The hitherto low-intensity naxal operations in Karnataka appear to be taking a disturbing turn towards intensification of activities. For, this is not an isolated incident although it appears to be one. It is a scarier scenario of a movement beginning to grow in the Malnad region of Karnataka. The region provides an ideal hilly forest cover for Naxals; and what with the known Naxal-infested areas in other states coming under the security scanner.
The late Saturday night encounter between the Anti-Naxal Force (ANF) and the naxals near Belthangady is a disturbing trend for more than one reason. The state government knows for sure what this incident means to the future of peace in Karnataka, at least as far as naxalism is concerned.
Not surprisingly, despite exuding confidence over being able to tackle Naxalism in Karnataka, Chief Minister DV Sadananda Gowda and home minister R Ashoka are disturbed men.
They know that although this was no Dantewada kind of a massacre, the dangerous seed for the menacing tree of naxalism
to grow out of may well have just been sowed.
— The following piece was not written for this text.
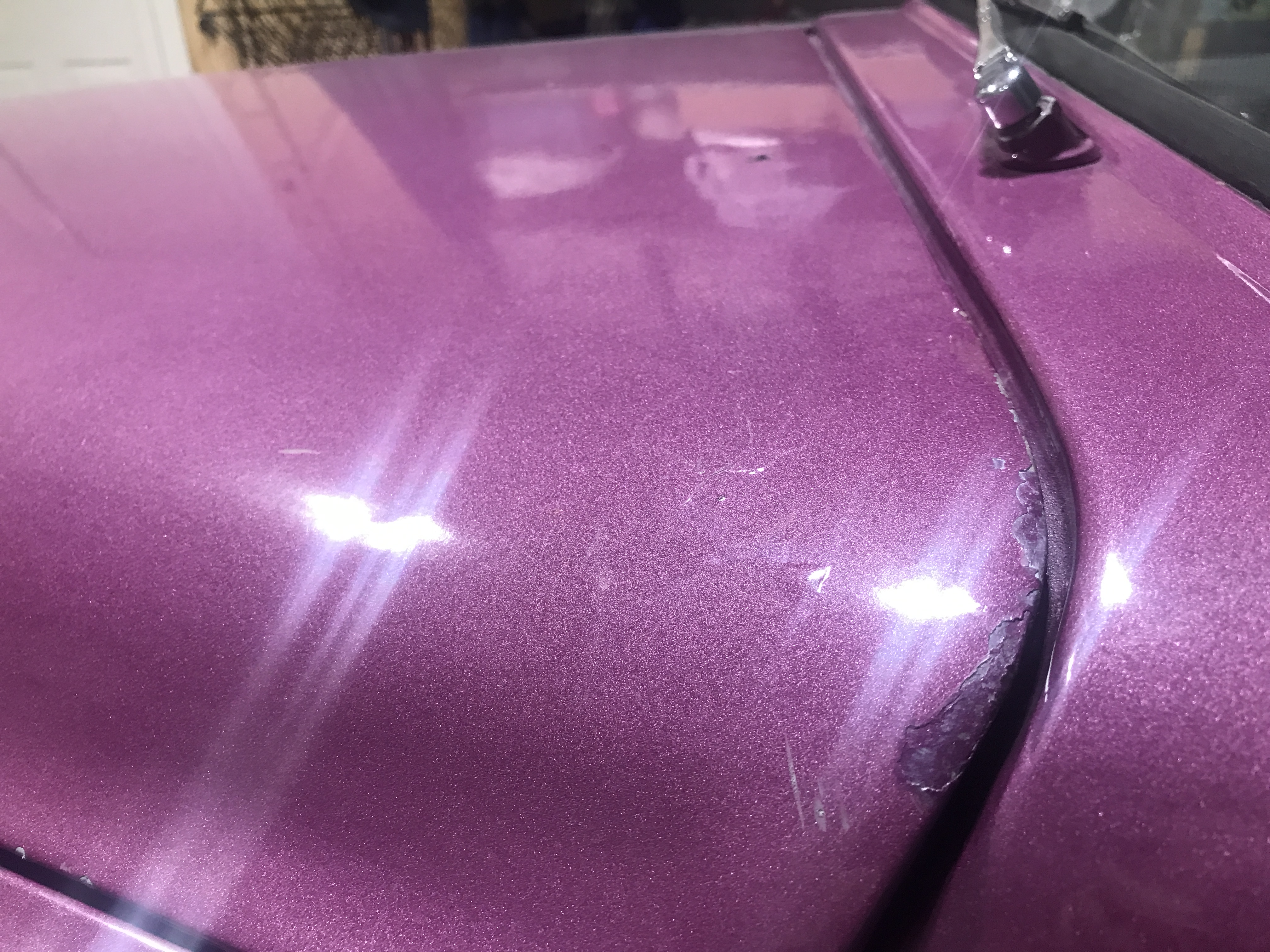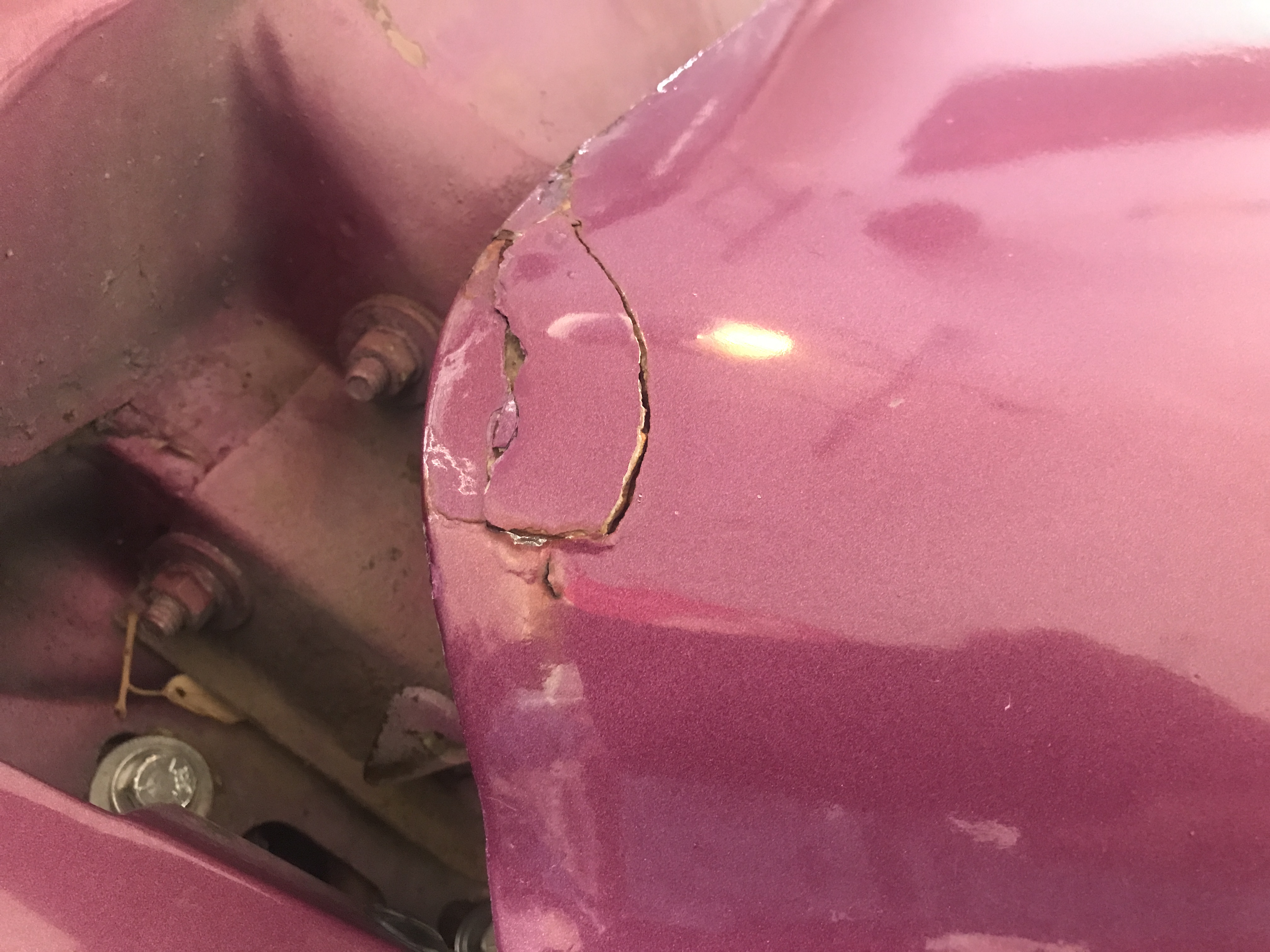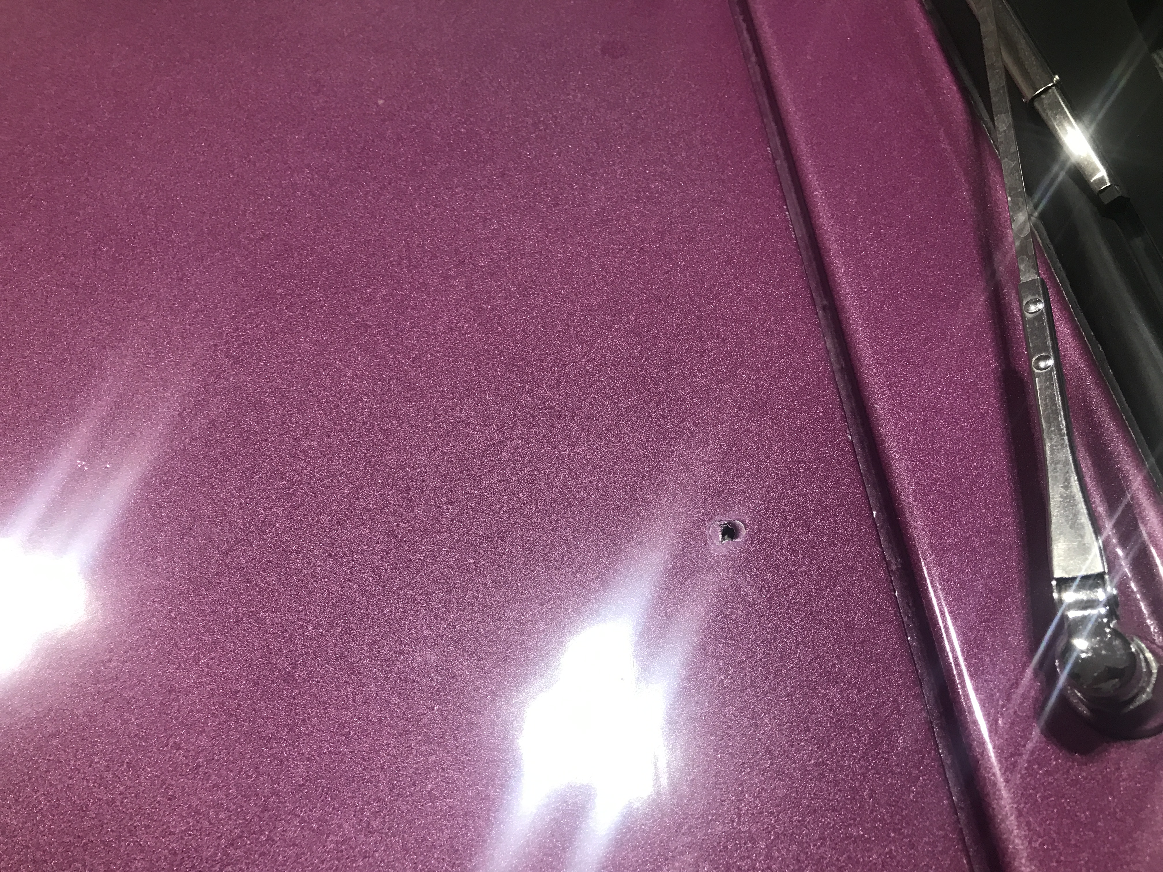 The hood has always been a small mess. There are multiple areas that need a just a tiny amount of help and one area that is very obvious. Of the worst is the rust spot near the passenger fender/windshield.

Ashoka is also beginning to suspect “outside involvement”, saying that the naxals who carried out the attack on the ANF combing party were not from Karnataka, but could be from Tamil Nadu. And Gowda knows the full implication of this incident, too, ordering the police top brass to go all out against naxals in the state.
They are trying to nip the menace in the bud, knowing well that failing to do so would mean gifting Karnataka - with Malnad region as the epicentre - on a platter as an alternative location to the already established naxal strongholds in other states.
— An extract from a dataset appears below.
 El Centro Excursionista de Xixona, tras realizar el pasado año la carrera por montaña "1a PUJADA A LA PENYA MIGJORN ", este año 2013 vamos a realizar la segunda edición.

The encounter, leading to the killing of the ANF constable, also exposes the bluff by many a government official given to media on different occasions that Karnataka did not face a naxal problem. In fact, Malnad region has all it requires to muster up a recipe for the growth of naxalism in the state. Concentration of wealth in the hands of a few, including those owning large estates, compared to the large majority of deprived rural masses, presents the naxals the ideal gunpowder to popularise their way of thinking among the people.
The Saturday night encounter, therefore, should be an eye-opener for the state government to move at lightning pace in devising and implementing welfare scheme (many of them pending since years) targeted at the rural masses. The state government must realise that rural outback in the state is the fertile mass that the naxals will sow the seeds of discontent into to gain ground for themselves.
Delay on a welfare approach for people in these regions could prove very costly for the state… and for the first BJP government in South India.